I just started experimenting with making my own sausage. I wanted to start with bratwurst so I bought LEM Collagen casings and LEM bratwurst seasoning from Gander Mtn. Seasoned the meat correctly and stuffed the casing. it was about 6 feet long when it was fully stuffed. This is where I run into a problem. I try twisting them but they wont stay twisted. Also, if I twist them 4-5 times and cut the end of the sausge it doest stay tied together. I finally got them to stay twisted together and cooked about a 4 feet strand containing 8 links in the oven but the casings snapped on each link. The collagen casings I bought said do not soak in water so I didnt and the above problems happened so I decided to try it again but soak the casings and the same thing happened. Any help would be grea


----------



## diggingdogfarm (Oct 7, 2012)

Tie the casings with string, or better yet, get some good hog casings.


~Martin


----------



## woodcutter (Oct 7, 2012)

Yea, those colligan casings let you stuff them so full they are hard to twist into links without breakage. I myself don't like the texture of them, I would rather use hog casings also. Nice snap with the natural casings.


----------



## johnnie walker (Oct 7, 2012)

Collagen casings will not stay twisted like a natural casing will. Like DDF said use a peice of string to tie off your links. Also do not soak collagen casings in water. I use them to make my sausage and you just need to figure out how tight to stuff them. If you cook them at too high a temp that will also make them split open.


----------



## golfpro2301 (Oct 7, 2012)

Thanks. I will go get some hog casings tomorrow and try it again for the third time. Already fubar'd 6 pounds but I want to get it right. This has turned into an exspensive hobby. Instead of starting another thread maybe you all can just answer a question on some summer sausage. I made a 3lb roll using hi-mountain garlic and black pepper seasoning. stuffed and cured overnight in the fridge. When I went to start up my smoker I noticed I only had a few briquettes of charcoal left.

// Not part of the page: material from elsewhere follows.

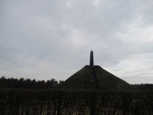 Ik ben nog steeds op hetzelfde landgoed. Langs een pad ligt een leeg bierflesje, het etiket is vergaan in de tijd. Ik passeer een smalle strook heide. In de verte loopt een vrouw met gezwinde pas. Er zijn dus toch mensen onderweg. Bij de fameuze piramide van Austerlitz slaat de regen toe. Opa en oma roepen een kleinkind, dat zich in de richting van de piramide heeft begeven. Ooit bivakkeerden hier Fransen. Ter ere van een veldslag bij dat andere Austerlitz werd hier een piramide opgericht, die in de loop der jaren vaak nabij de ondergang was. Gepoogd wordt om de passant in Franse sferen te brengen. De horeca is nu alleen op zondag open, uitsluitend met de Franse slag. Onder het afdak van het Bezoekerscentrum (op slot) trek ik mijn regenbroek aan. Het is een multifunctionele regenbroek. Hij houdt de regen buiten en de warmte binnen. Over de lange lanen dwars door de bossen kom ik aan de noordkant van het dorp Austerlitz. Regelmatig is het dorp positief in het nieuws, bijvoorbeeld door de onderlinge zorg die wordt geboden. Langs de rand zie ik huizen (vrijstaand en twee-onder-één-kap die volgens mij van recente oorsprong zijn. Wie zou zo niet willen wonen? Door een hek achter in de tuin en je bent in de bossen. Op het Dorpsplein kies ik een lunchbankje uit, terwijl de regen mij vergezelt. Ik had ook in het bushokje kunnen gaan zitten, maar ik wil de buschauffeur niet in verwarring brengen. Gaat hij dan voor mij stoppen? En zwaai ik dan enthousiast met een boterham en een kopje thee? Het eetcafé van Ouwekamp is gesloten. Op vrijdag hult Austerlitz zich in vasten. Het is tenslotte de Lijdenstijd, in voorbereiding op Goede Vrijdag, Stille Zaterdag en Paaszondag.

So I smoked the sausage at 165* for about an hour. I moved it to the oven at 175* until it reached 156* IT. Pulled it out and ran cold water over the casing then put it in the fridge. After an hour in the fridge I took it out to slice a few pieces. The taste was good but as I was peeling the skin off I could see liquid fat sitting between the skin and the meat. Did I do something wrong in the process of cooking or stuffing?


----------



## boykjo (Oct 8, 2012)

Hey GP... First we need some more info.... What type of meat and fat ratio's are you using? What size grind plate? More than likley with the fat out.... your temperature of your oven was swinging above 175 degrees into the danger zone which caused the sausage to render the fat..... I suggest starting with a 80/20 lean to fat ratio and grinding through a 4mm or 1/8 inch plate. Get a remote therm and use it to monitor temps of your smoker and try not to use the oven. A good start is to have a smoker that will allow you to hang sausage and control temps for smoked sausages.....


----------



## golfpro2301 (Oct 8, 2012)

I used 2lbs of 80/20 pork and 1 pound of lean ground beef. I dont know the size of the plate I used. It doesnt have holes but cut outs in the shape of pizza slices. The first one I did I layed down on the smoker rack. I have another in the fridge that was curing overnight so I am going to try and hang that one today. Is there a benefit from hanging  them versus laying them down?


----------